In particular, Ssangyong were keen for us to have a wee preview of their latest big SUV, the Rexton, launching later this month. It’s an ordinary and handsome looking, solid, well-appointed, highly equipped, serenely smooth and quiet, full size SUV that comes with a 5 year warranty and at about £35,000, costs roughly the same as a 2-3 year old Discovery that could be ten minutes of remaining warranty away from a long list of replacement electronic parts.

It’ll tow 3.5 tonnes to the other end of the island and deliver you as fresh and relaxed as any other car. I was really impressed and once again found myself wondering what I should be driving.

After some reflection, I don’t think the answer is the new Ssangyong Rexton for me. The 2.2 litre engine is good, but it’s just not good enough. In the smaller Korando mid-size SUV it’s a hoot, but it’s just not enough in the Rexton.

I’m being very picky here, but my old Discovery 4, while no rocket ship, was good enough to get safely past that annoying one-speed driver when the chance arose.
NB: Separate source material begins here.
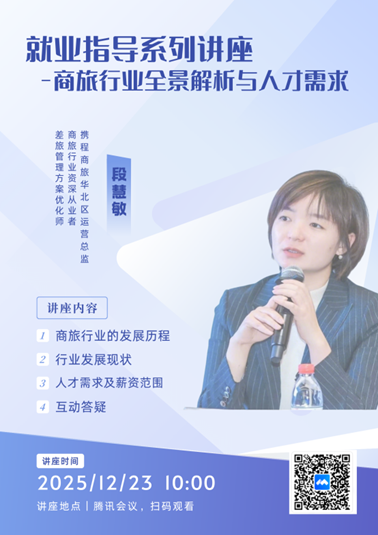 聚焦商旅行业发展新态势,精准对接学院毕业生就业需求,12月23日上午,学院举办了“商旅行业全景解析与人才需求”线上专题讲座。本次讲座吸引了学院数百名应届毕业生在线参与,为即将步入职场的学子搭建了深化行业认知与职业规划的桥梁。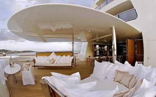 Интересно сделана каюта хозяев площадью 240 кв. м, она расположена на самом верху рубки. К ней вдоль стен, облицованных листовым серебром, ведет спиральная лестница, только перила которой обошлись миллиардеру в $60 тысяч.

The Volvo V90 Cross Country would do me very nicely. It drives well, is superbly put together and luxuriously appointed, is a design tour-de-force, does any off-road work I will ever need and is closer to a car than a truck, but it doesn’t have the towing capacity I need, so it’s not the one for me.

The Volvo XC90 appeals, but it also has a surprisingly low towing capacity and I have a heavy trailer even before I go and put a heavy old classic car in it.


I’m a bit lost and for the time being am settling for my ten year old Defender which, after a remap and an exhaust, has nearly enough grunt, looks cool, barely depreciates and can be fixed with either a hammer, a soldering iron or a tin of Hammerite. However, serene and relaxed, it is not, so my search goes on.